→ TASK TO CARRY OUT
Every line below from the one containing "AK Oberwiesenthal i." through the one containing "The long-sleeved women’s" is to be printed exactly, with the pictures omitted.

→ RECORDS TO PROCESS

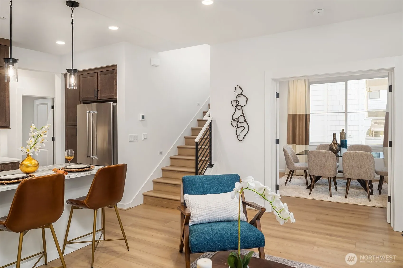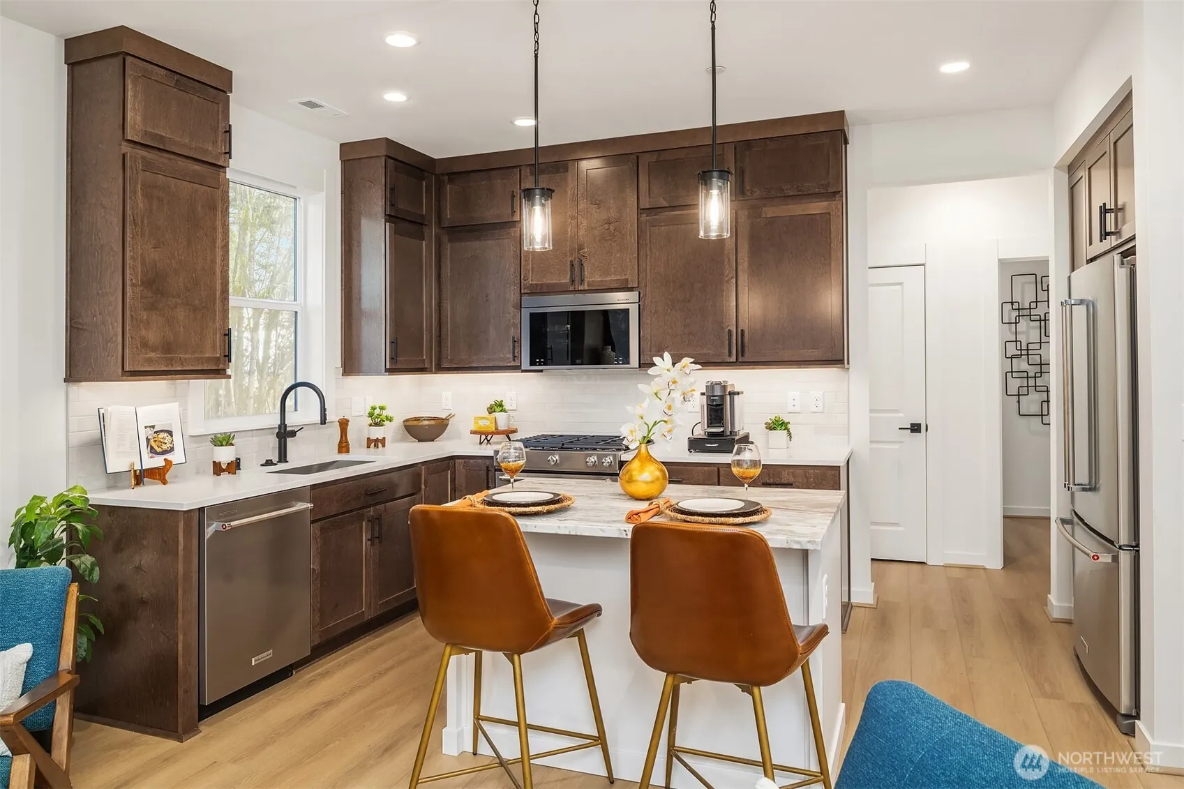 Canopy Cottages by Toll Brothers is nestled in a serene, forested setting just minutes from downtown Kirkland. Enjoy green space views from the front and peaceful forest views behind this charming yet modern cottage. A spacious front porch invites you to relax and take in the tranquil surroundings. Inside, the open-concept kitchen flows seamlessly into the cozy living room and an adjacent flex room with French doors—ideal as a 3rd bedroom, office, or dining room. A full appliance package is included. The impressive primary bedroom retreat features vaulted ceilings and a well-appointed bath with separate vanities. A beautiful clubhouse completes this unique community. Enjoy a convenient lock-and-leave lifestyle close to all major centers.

* * *

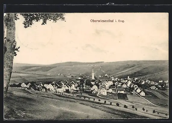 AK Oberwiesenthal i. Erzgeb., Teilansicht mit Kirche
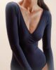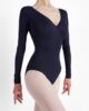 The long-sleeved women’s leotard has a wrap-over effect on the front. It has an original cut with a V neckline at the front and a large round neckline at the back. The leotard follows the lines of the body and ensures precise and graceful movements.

→ ANSWER TO THIS EXERCISE
 AK Oberwiesenthal i. Erzgeb., Teilansicht mit Kirche
 The long-sleeved women’s leotard has a wrap-over effect on the front. It has an original cut with a V neckline at the front and a large round neckline at the back. The leotard follows the lines of the body and ensures precise and graceful movements.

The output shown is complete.